> _Exercise requirements_:
When you transcribe the entries below, keep the wording exact and omit the pictures.

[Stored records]

※ ※ ※

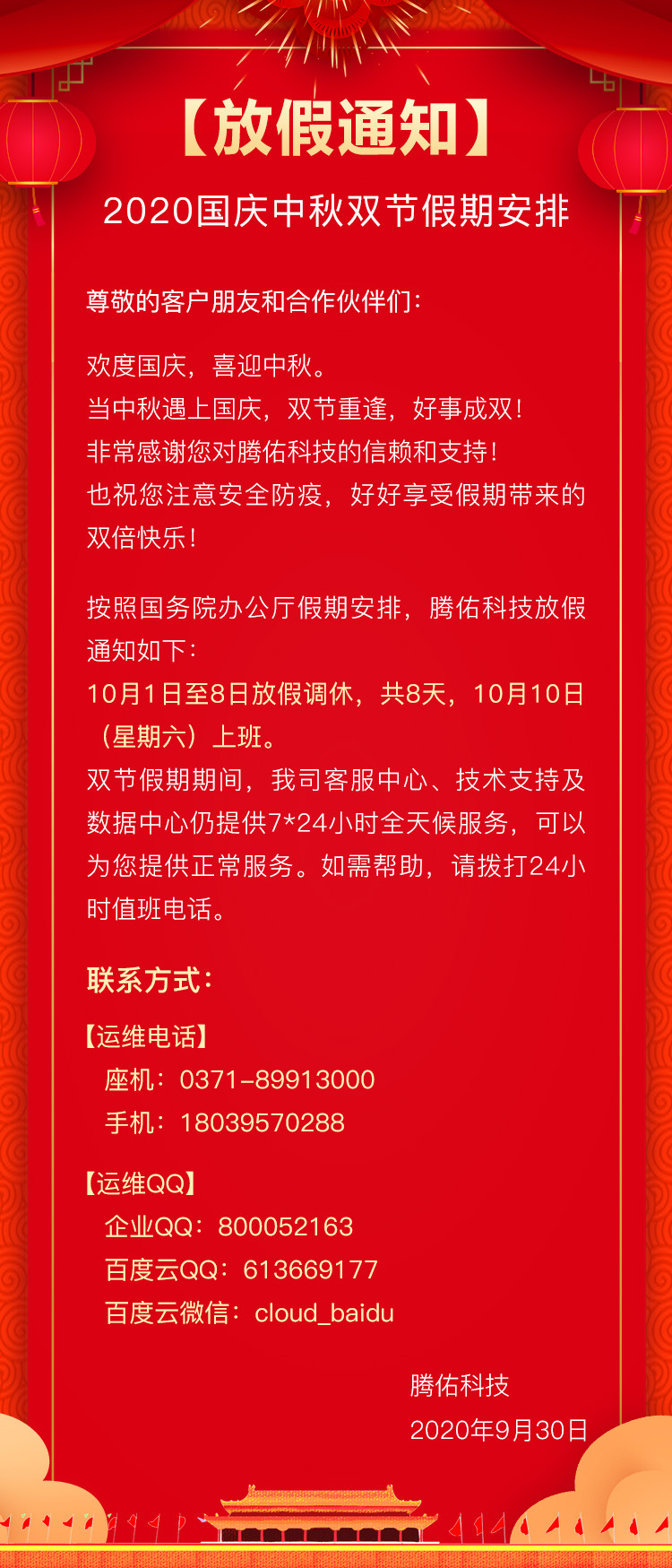 国庆假日期间如有业务到期,请您提前进行业务续费,避免因续费不及时给您带来不便。假期期间,我公司客服中心、技术支持及数据中心仍提供7*24小时全天候服务,可以正常为您提供维护、服务器操作、故障处理等服务!如您需要帮助,请拨打24小时值班电话。
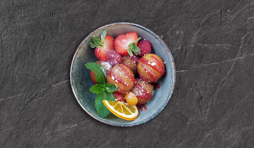 Biezpiena bumbiņas (6) ar ogu mērci
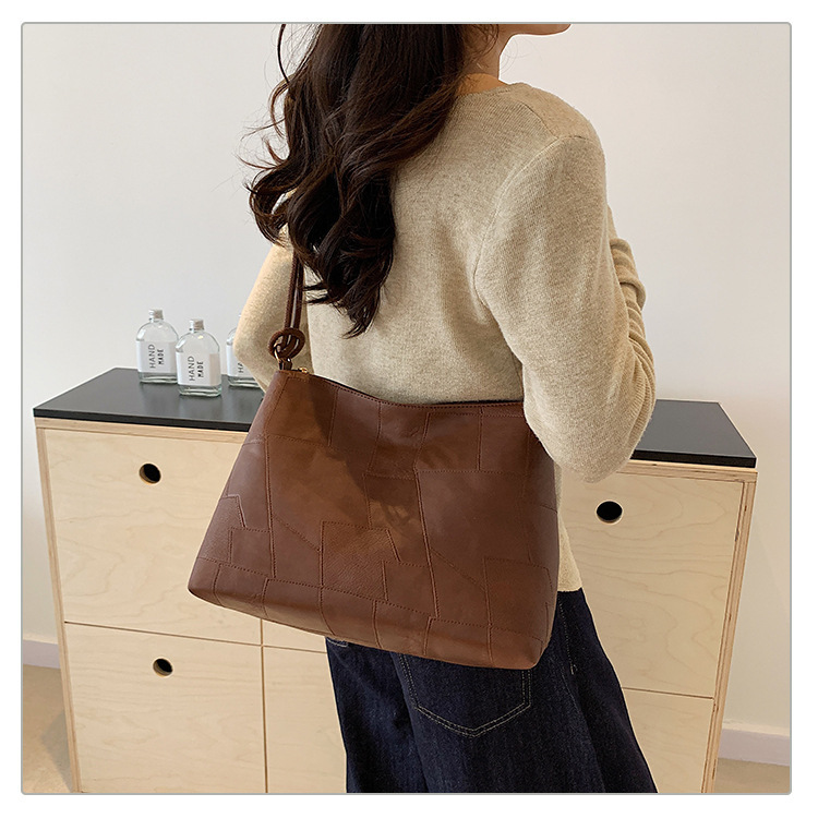 Retro de gran capacidad de moda de color sólido 2024 ocio simple nuevo estilo de estilo extranjero en la nueva bolsa de hombro portátil para mujeres
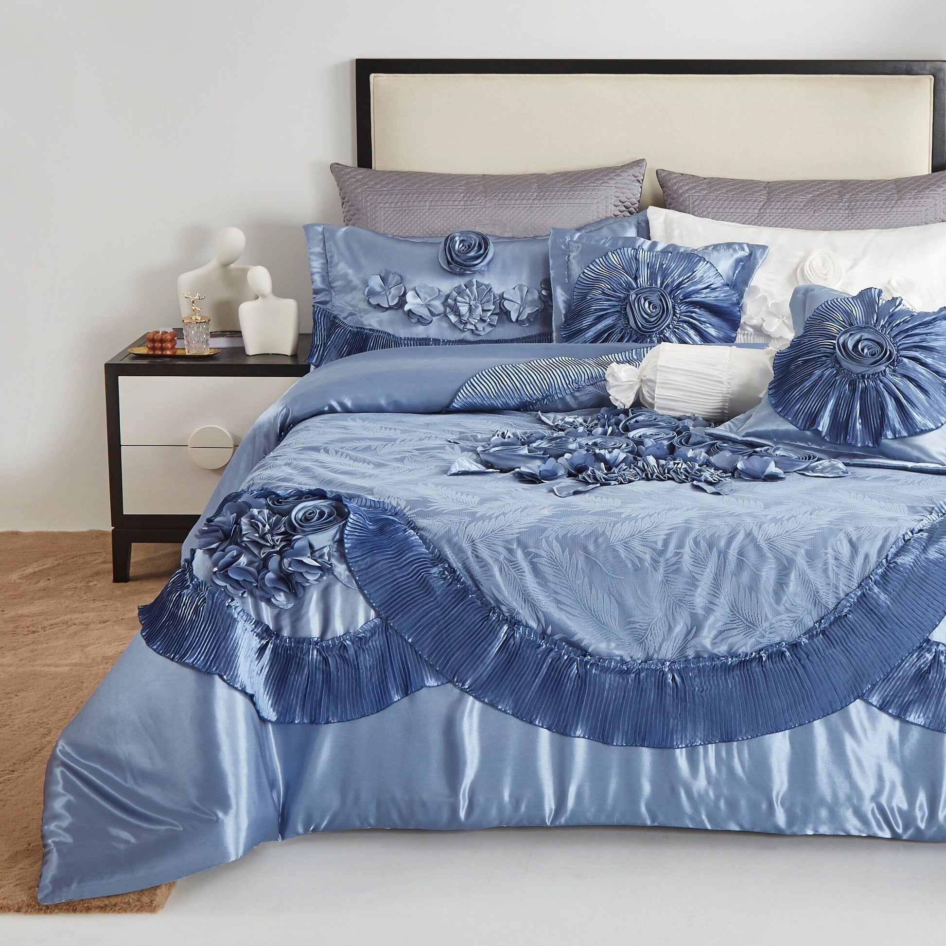 Make your bed fit for royalty with pleated ruffles, floral embellishments, and a beautifully detailed floral lace overlay.
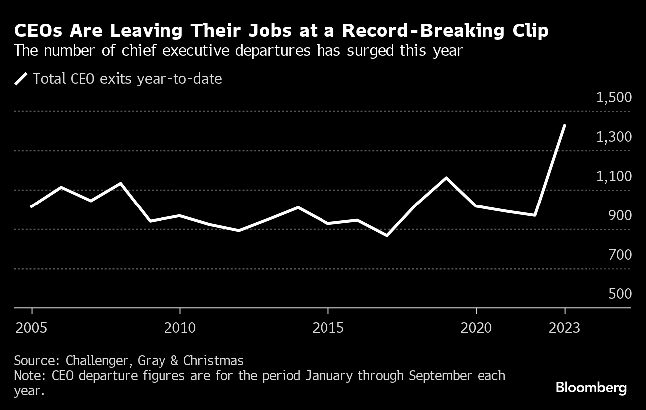 More than 1,400 chief executives have left their positions so far this year through September, according to a report by executive coaching firm Challenger, Gray & Christmas, Inc. That's up almost 50% from the same period last year and the highest on record over that period since the firm began tracking in 2002.

※ ※ ※

> _Task result_:
 国庆假日期间如有业务到期,请您提前进行业务续费,避免因续费不及时给您带来不便。假期期间,我公司客服中心、技术支持及数据中心仍提供7*24小时全天候服务,可以正常为您提供维护、服务器操作、故障处理等服务!如您需要帮助,请拨打24小时值班电话。
 Biezpiena bumbiņas (6) ar ogu mērci
 Retro de gran capacidad de moda de color sólido 2024 ocio simple nuevo estilo de estilo extranjero en la nueva bolsa de hombro portátil para mujeres
 Make your bed fit for royalty with pleated ruffles, floral embellishments, and a beautifully detailed floral lace overlay.
 More than 1,400 chief executives have left their positions so far this year through September, according to a report by executive coaching firm Challenger, Gray & Christmas, Inc. That's up almost 50% from the same period last year and the highest on record over that period since the firm began tracking in 2002.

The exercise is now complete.